Democrats' fixation on Iraq, in at least one
respect, is a boon to President Bush: It distracts
attention from the administration's
inept handling of the larger struggle against
jihadism. On Bush's watch, the jihadist contagion
has been spreading, not contracting. While the United
States has not been directly attacked since 9/11, the front has
simply shifted elsewhere: to Iraq, to Europe, to the Middle
East, and, disturbingly, back to Afghanistan. Islamist terrorism's
death toll has risen steeply over the last two years.
Attacks by "self-starter" terrorists with tenuous or no links
to al Qaeda suggest that the enemy now is less a specific terrorist
network than a diffuse ideological movement -- a global
jihad with no center or high command. A profusion of jihadist
websites, featuring videos of terrorist attacks and beheadings,
provides inspiration, religious sanction, and technical advice
to impressionable young Muslims everywhere.
There is no doubt that the Iraqi insurgency has been a
catalyst for the growth of the global jihad. But that doesn't
mean the jihadist fever will subside if the United States suddenly
leaves Iraq. On the contrary, driving the American
Goliath out of Iraq would burnish the jihadist mystique and
convince many fence-sitters to sign up.
Some foreign policy analysts dismiss the severity of the
jihadist threat, which they believe the White House has
exaggerated for political reasons.
That's a big mistake. Although the ranks of hardcore terrorists
may be small, the number of Islamist sympathizers,
theorists, enablers, and potential recruits appears to be
growing. Saudi Arabia has been particularly active in building
the infrastructure that supports extremism, recycling oil
revenues to the tune of $75 billion over the last two decades
to spread Wahhabi fundamentalism around the world.
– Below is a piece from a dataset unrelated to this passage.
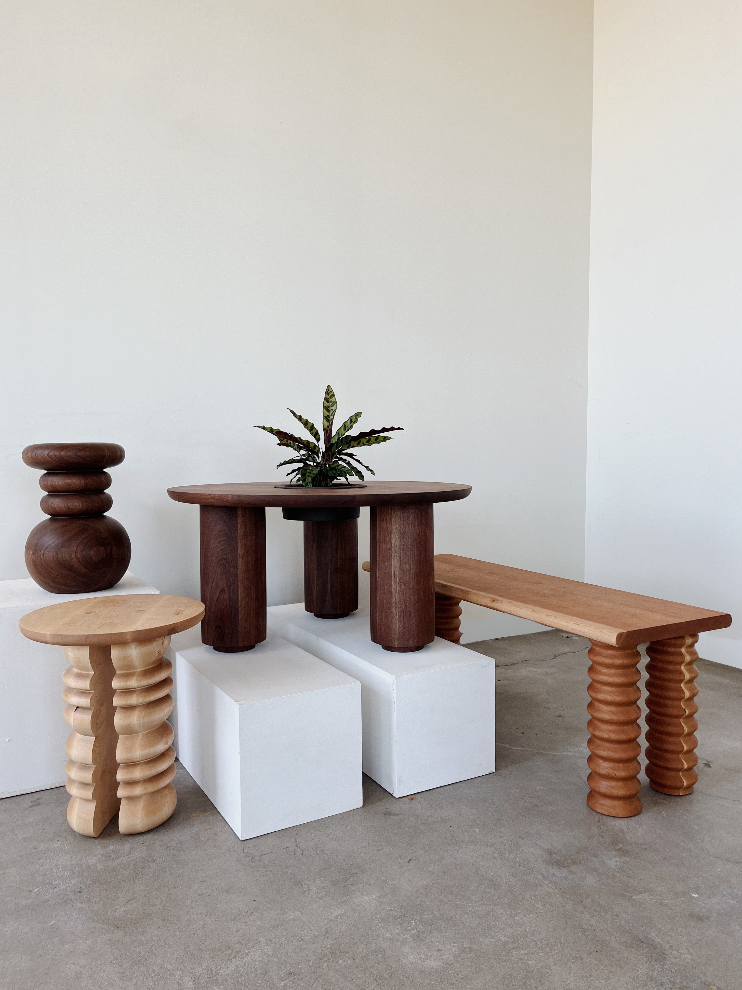 A brief stint working for a furniture maker—and having two entrepreneur parents—inspired her to open her own studio, and in 2019, Han Studio came to be. She started with smaller items like cutting boards and candleholders before eventually graduating to furniture with her debut collection last year, which she continues to develop. “My background is in sculpture, not in furniture making,” says Dausch. “I think that makes my work very unique, because it walks the line of furniture and sculpture, and I love that idea. It allows my customers to decide what they want my pieces to be. Personally, when I buy something for my house, I don’t want to be told exactly how it needs to be [used]. I think my work allows customers to [use the items as they like].”

Instead of minimizing the jihadist threat, Americans
should study the jihadist ideology. We need the equivalent
of the Cold War's Kremlinologists -- jihadologists who can
help U.S. policymakers understand what motivates extremism
and devise better strategies for diminishing its appeal to
Muslims wherever they live.
Bush's "war on terror" has focused too narrowly on terrorists'
means rather than their ideas. Reza Aslan, an
American Muslim, argues in With All Our Might that the
president seems oblivious to the context from which jihadist
extremism springs. The movement arises from a civil war
raging within Islam. It pits reformers seeking an accommodation
with modernity against fundamentalists determined
to rid Islam of all modern and corrupting
ideas.
"The simple truth is that the
United States has a national security
interest in the outcome of the Islamic
Reformation currently under way
throughout the Muslim world," Aslan
writes. "It must therefore do whatever
it can to tip the balance of power away
from the extremists and back to the
massive yet voiceless majority who are as much victims of jihadism as is the West."
Yet Bush's excessively militarized response to terrorism
and his reductive, good-versus-evil rhetoric has played into
the jihadists' strategy of framing their struggle as an irreconcilable
conflict between Islam and the "crusader" West.
The United States needs a smarter strategy for undercutting
the ideological appeal of the global jihad. For starters, we need
to rally the world's democracies to a stouter defense of their liberal
ideas. We should challenge the international community to
strengthen norms against killing civilians and impose meaningful
penalties on states that don't comply with tough new anti-terror
conventions. We should join the International Criminal
Court and seek indictments against Osama bin Laden and
other terror chiefs for crimes against humanity. It's time for a
real zero-tolerance policy toward terrorism, not one that makes
exceptions for "resistance to occupation."
Next, the West must make common cause with the majority
of moderate Muslims who want no part of the global jihad.
Borrowing from a successful Cold War template, we should
join with Europe in launching a Helsinki-type process to provide
moral, political, and material support for human rights
activists, liberal reformers, and independent civic groups in
the Muslim world. To spur economic hope and opportunity,
we should create a Greater Middle East Prosperity Plan
intended to lower trade barriers and double the region's manufacturing
and agricultural exports by 2010.
Finally, we should embrace Aslan's suggestion that we
enlist U.S. Muslims in our public diplomacy toward the
Muslim world. Compared with their European counterparts,
American Muslims are relatively prosperous and well-assimilated,
and they live in a free country that is still more
religious than secular. Who better to testify to the essential
compatibility between religious faith, free enterprise, and
liberal political and governing institutions?
It's time for America to speak to the Muslim world less
in the language of war and more in the common vocabulary
of universal human aspirations for freedom and justice.